I am worthy is the phrase I couldn’t quite bring myself to say six months ago. I still struggle with it. Six months of EMDR therapy later, my therapist asked me if the phrase fit. No. I am free. Not quite worthy, but in that moment, being free was enough. But why can’t I be worthy?
I suppose it depends on what we’re worthy of, says my brain, but that doesn’t sit right. Surely if we’re worthy, we’re worthy of everything. Being worthy doesn’t mean receiving that thing. It just means we’re deserving of stuff. Then again, I don’t think anyone is worthy of a private jet so maybe it does depend. The stuff I’m after, I struggle to see how anyone could be unworthy except when I look at myself.
So what are we worthy of? Life, the space we exist within. Love and support. Food, shelter, protection from the elements. The means to express ourselves. Is that self worth or self entitlement? My mind is muddled, but I struggle to see myself as self entitled when I expect these things, but I also see myself as unworthy.
I can’t explain the double standard, but there is something out there telling me that I need to earn these things. That I need to prove I deserve them and there is no ruler for me to use; no goal post to clear.

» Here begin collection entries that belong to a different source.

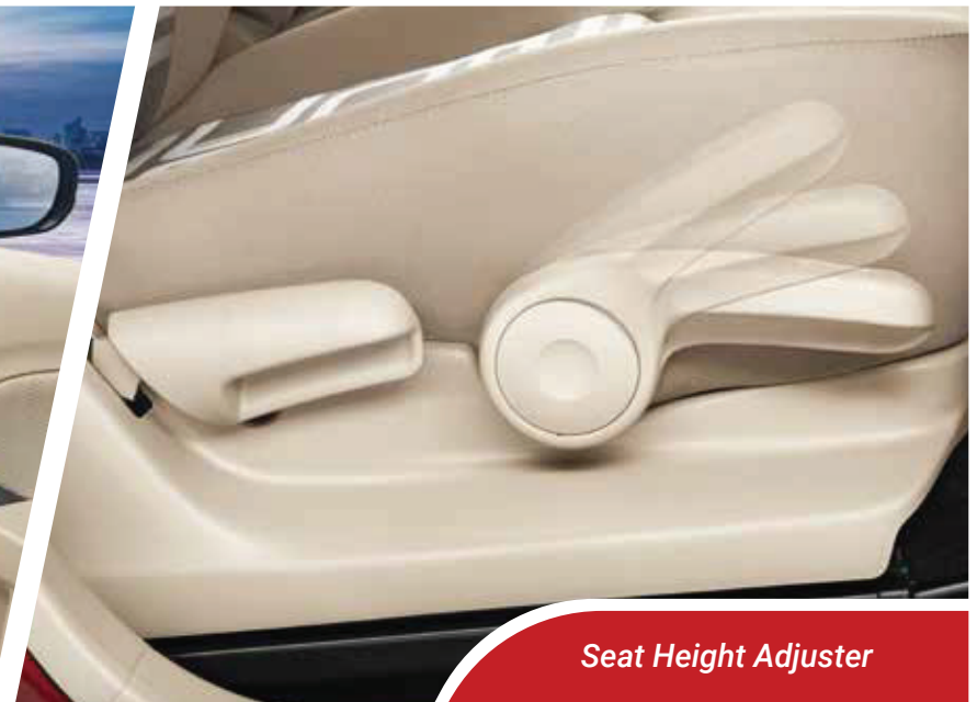
Seat Height Adjuster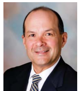
Orlando Evora Greenberg Traurig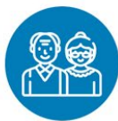
Grandparents and other family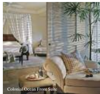
Colonial Ocean Front Suite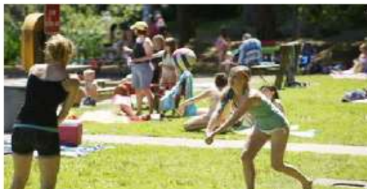
Open lawn areas provide space for a wide range of activities, including picnics, informal games or relaxing.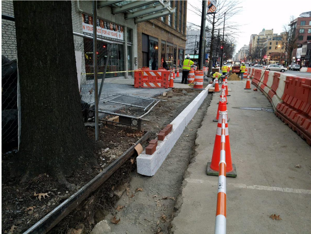
Installation of Granite Curb between P and Q Street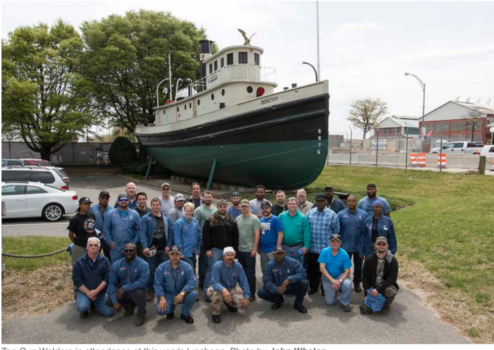
Top Gun Welders in attendance at this year's luncheon.

Of the 29 "Top Gun" welders, five were new inductees and three received plaques for being recognized as "Top Guns" for five consecutive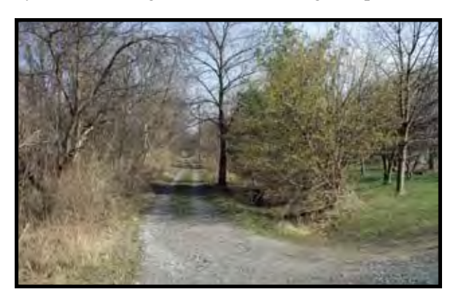
SP 48+500: View of trail corridor south of Garrett Road intersection. An adjacent property owner has used the corridor to reach a residence. The property has road frontage on N.Y.S. Route 89, owner notified a new driveway will have to be constructed.

driveway is located west of and adjacent to the trail corridor, separated from the proposed trail by a narrow hedgerow. The following two photos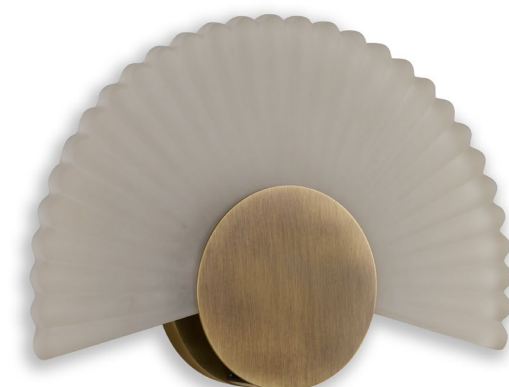
STARBURST WALL LIGHT WL855 SATIN & BRUSHED BRONZE H: 26 cm (10.24") x W: 38 cm (14.96") x D: 6.5 cm (2.56")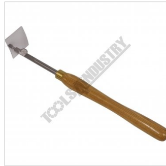
Shown With Guard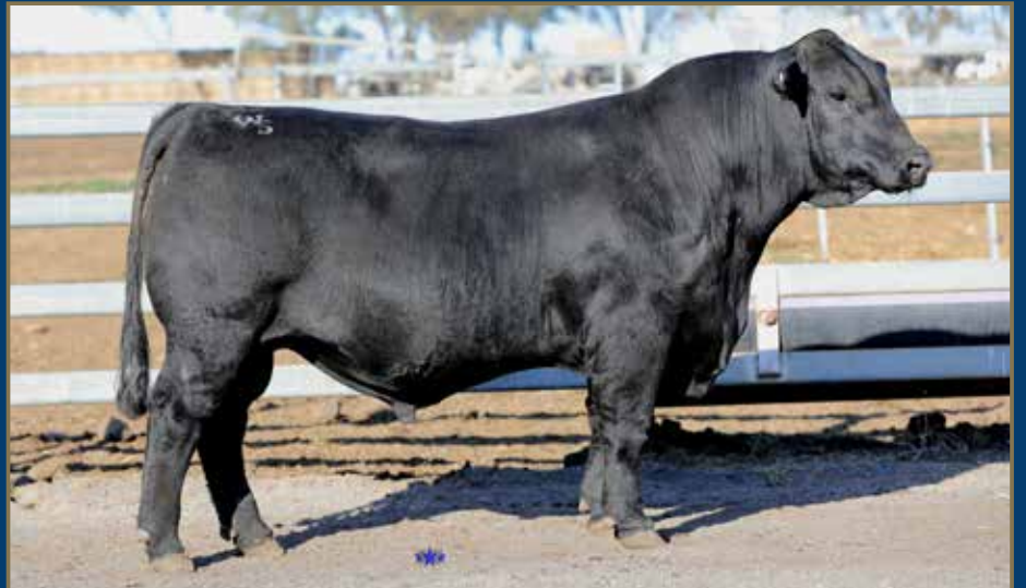
LOT 15 - WOONALLEE HONOR T623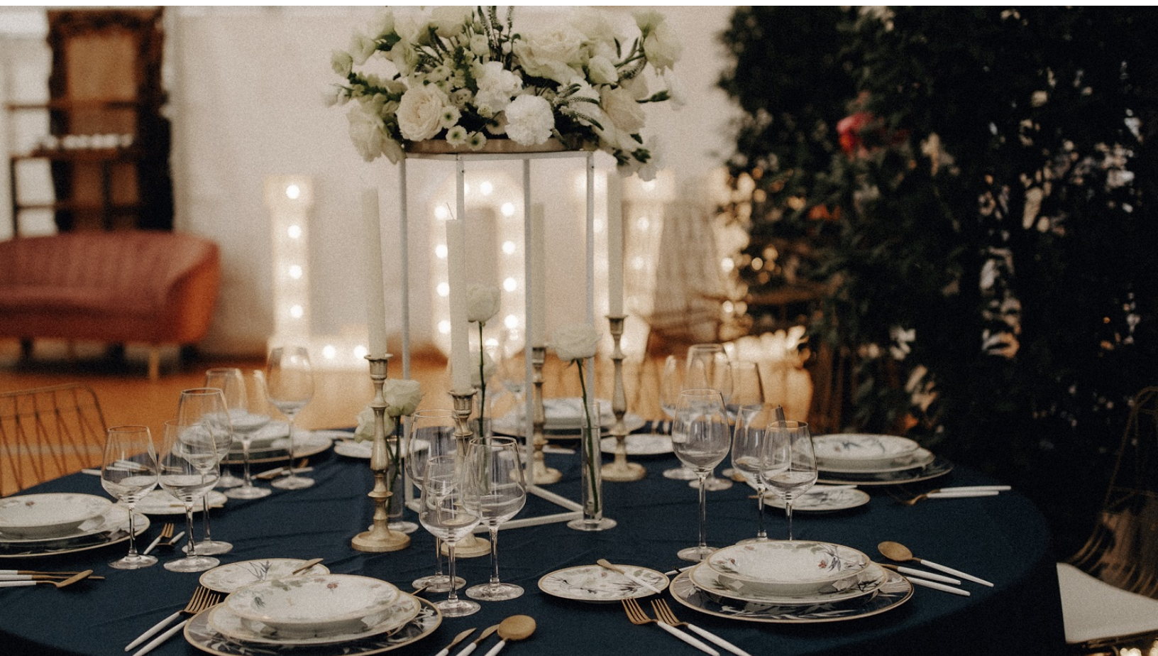
Tablesetting with Rosenthal Turandot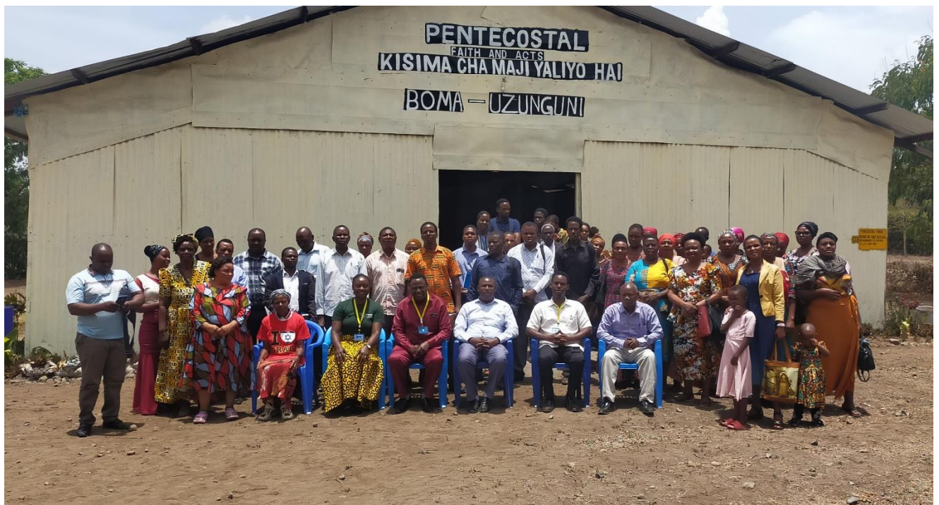
Peace and Disciple makers of Kisima Cha Maji Yaliyo Hai- Bomang'ombe Church, Moshi-Tanzania.

Know that the LORD is God. It is He who made us, and we are his; we are his people, the sheep of his pasture- Psalms 100:3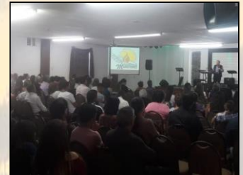
At church, God's people first.

Because we have some money left over, we will use it for property improvements and for the yearly distribution (already started), of back packs, school material and blankets.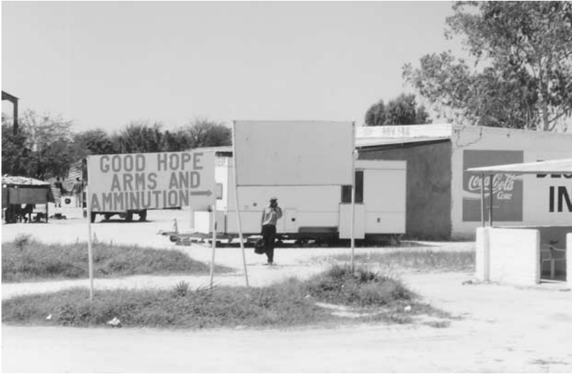
STORE IN NORTHERN NAMIBIA, NEAR THE ANGOLAN BORDER, 2001. JUST BEFORE THE END OF THE ANGOLAN WAR.

One interesting thing I noticed about the British, having arrived here from America, is how the Brits will spit on people with things Americans will cheer about. Disparaging comments such as, “Oh it’s nice for some!” pepper their responses as someone they know ends up with some extra time off, a holiday or what have you. Americans of similar standing will look at a neighbour’s BMW and take a certain vicarious pride in that; I was taught to do the same — to praise those who display material success. Despite this difference, I don’t see the British as more or less inclined to misunderstand self worth for self entitlement.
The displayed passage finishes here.